Лиза также поняла из разговора, что влюбленная пара зависит от приезда какого-то старика и от известия, кое он должен привезти. Ей показалось, что речь идет о деньгах, о наследстве, но последних слов Чекины Лиза хорошенько не разобрала; ясно было лишь, что смерти той особы, от коей все это должно исходить, Чекина и Гаэтано ждут с большим нетерпением. Тут Лиза всей душой готова была им посочувствовать. Отчего-то неведомая, она представлялась вроде непреклонной и деспотичной Неонилы Федоровны, а значит, не могла вызывать у Лизы приязни. Впрочем, история сия пробудила у нее совсем не значительный интерес, ибо она внезапно вспомнила совет Джузеппе, как облегчить состояние Августы, и загорелась желанием исполнить это как можно скорее.
Выждав еще немного времени, чтобы не столкнуться с Чекиной на черной лестнице, Лиза проскользнула в дом и первым делом поднялась к себе. С большой неохотою сняла она голубое платье, льнувшее к ней, точно вторая кожа, и, торопливо умывшись в тазу, уже стоявшем на табурете, облачилась в свою домашнюю блузу.

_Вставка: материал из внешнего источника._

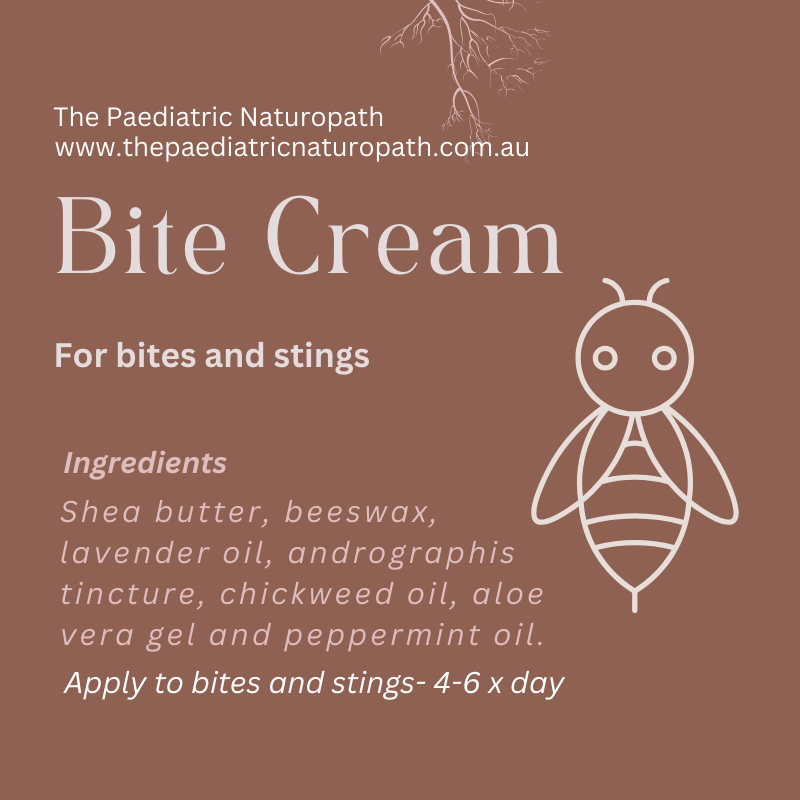 Soothe irritated skin with our gentle, all-natural Bite Cream. Crafted with a nourishing base of shea butter and beeswax, this cream is infused with calming lavender oil, cooling peppermint oil, aloe vera gel, chickweed oil, and the protective power of andrographis tincture. Together, these botanicals help ease discomfort, reduce redness, and calm the itch from bites and stings.

Голубые шелковые туфельки оказались перепачканными мокрой землею, но Лиза не стала переобуваться: нелюбимые туфли без задников громко стучали бы по ступенькам, а для ее замысла необходима была тишина.

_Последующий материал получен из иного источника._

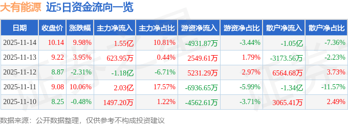 | | | | 日期 收盘价 涨跌幅 主力净流入 主力净占比 游资净街入 游资净占比 散户净拓入 散户净占比 | | | | | | --- | --- | --- | --- | --- | --- | --- | --- | | 2025-11-14 | 10.14 9.98% | 1.55 Z | 10.81% | -4931.87万 | -3.44% | -1.05亿 | -7.36% | | 2025-11-13 | 9.22 3.95% | 1 623.95万 | 0.44% | 2549.61万 | 1.79% | -3173.56万 | -2.23% | | 2025-11-12 | 8.87 -2.31% | -1.18亿 | -6.71% | 5231.29万 | | 2.97% 6564.68万 | 3.73% | | 2025-11-11 | 9.08 10.06% | 2.03亿 | 17.57% | -6936.65万 | -5.99% | -1.34亿 | -11.57% | | 2025-11-10 | 8.25 -0.48% | 1497.20万 | 1.22% | -456 ...

Перевесившись с лестницы, она долго ловила самомалейший шорох в доме; однако кругом было темно и тихо, только за дверью Фальконе чуть подрагивал огонечек ночника, да на кухне Яганна Стефановна и Хлоя, еле слышно переговариваясь, убирали посуду. Путь был свободен.
Бесшумно прокравшись в столовую, Лиза отыскала ощупью фьяску с красным вином (она помнила, откуда их доставал Фальконе) и одну из них прижала к себе; потом так же невесомо, почти не касаясь пола, воротилась на второй этаж и тихонько потянула ручку двери, ведущей в спальню Августы… как вдруг что-то сильно ударило ее по лбу!
Лиза прихлопнула рот ладонью, заглушив едва не вырвавшийся вопль, и только чудом, у самого пола, поймала выскользнувшую из рук бутыль. Осторожно отставив ее в сторонку, торопливо ощупала то неведомое оружие, которое огрело ее по лбу, и с изумлением узнала… метлу. Обычную метлу с длинной ручкою!
Лиза даже позабыла о шишке, набухавшей на лбу. Теряясь в догадках, что и кого могло заставить воздвигнуть здесь эту метлу, она подняла бутыль, потянула дверь опять… и получила новый удар другой метлою, пришедшийся на сей раз в плечо!
Только сейчас она вспомнила случайный разговор с Хлоей. Молоденькая гречанка, сокрушаясь о хвори Августы, сетовала, что не может убедить суровую лютеранку фрау Шмидт ограждать двери больной крестами, дабы преградить путь нечистой силе, ибо верила, что болезнь Августы – дело ее рук. Похоже, Хлоя настояла на своем. Ей, конечно, обидно станет не сыскать поутру на месте охранительного знака, а потому Лиза положила себе зарок непременно восстановить метелки на их прежнем месте, когда будет возвращаться. Затем, ощупав дверь, чтобы уберечь себя от новых неожиданностей, Лиза тихонько отворила ее и вошла в опочивальню больной.